EventBatch shape (one JSON object per line):
{
"seq": 1,
"events": [
{"type": 1, "payload": {"Header": {...}, "Path": [...], "PathName": "/etc/passwd", ...}},
{"type": 3, "payload": {...}}
]
}type is the event-type discriminator (1=file_access, 2=exec,
3=net_connect, 4=dns_query, 5=tls_sni). payload is the typed
event with the runner's parsed string fields already filled in
(PathName, CommStr, DestIP, etc.).
The orchestrator persists each batch in a transaction, returns the running total + persistence status:
{
"received_batches": 3,
"received_events": 38,
"persisted": 38
}The stream is kept open until the runner closes its side (EOF). On
close, the orchestrator schedules the Differ run for this run_id
via the 2-second debounce.
Runner posts the final scan result. Transitions the run's state to
done | failed | timeout, stamps finished_at, stores the
metrics.
Request body:
{
"run_id": [24, 178, 8, 156, ...],
"status": "ok",
"reason": "",
"events_emitted": 312,
"events_dropped": 0,
"duration": 4500000000
}status values:
| Value | When |
|---|---|
ok |
container exited cleanly (exit_code=0) within duration |
failed |
non-zero exit, sandbox launch error, AddCgroup error |
timeout |
duration elapsed before container exit |
Response:
{"recorded": true}Errors:
| Status | Meaning |
|---|---|
400 Bad Request |
bad status value, malformed body |
404 Not Found |
run_id not in DB (runner sent result for a run the orchestrator never saw) |
500 |
storage write failed |
All structured types live in internal/shared/proto/. JSON encoding
follows Go's defaults (CamelCase fields, time.Duration as
nanoseconds, byte arrays as integer-arrays). The runner's parsed
string fields use snake_case via JSON tags on the wrapper types.

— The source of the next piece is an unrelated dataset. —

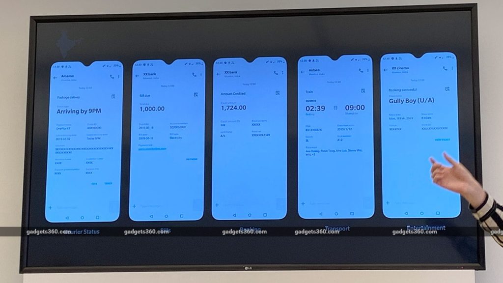 Next, we have the Smart SMS app. How we understand it, the app will identify different types of service SMSes, be it bills, banking, transport, etc. It will then categorize them and display the relevant information accordingly. For example, an SMS from a courier will have the ETA for the arrival and contextual buttons to track your package. OnePlus claims the app can identify 39 different types of service messages, impressive!

proto.CurrentProtoVersion = 1. The register endpoint accepts any
proto_version today, but a future v2 may reject mismatched runners.
None enforced. The long-poll endpoint's 25s server-side wait + the runner's 5s poll-interval naturally cap query volume per runner to ~12/min when idle.
When -tls-cert + -tls-key set, every endpoint switches to HTTPS.
When -tls-client-ca also set, every connection must present a client
cert signed by that CA — registered subjects then become the runner
identity. See TLS-mTLS for the full lifecycle.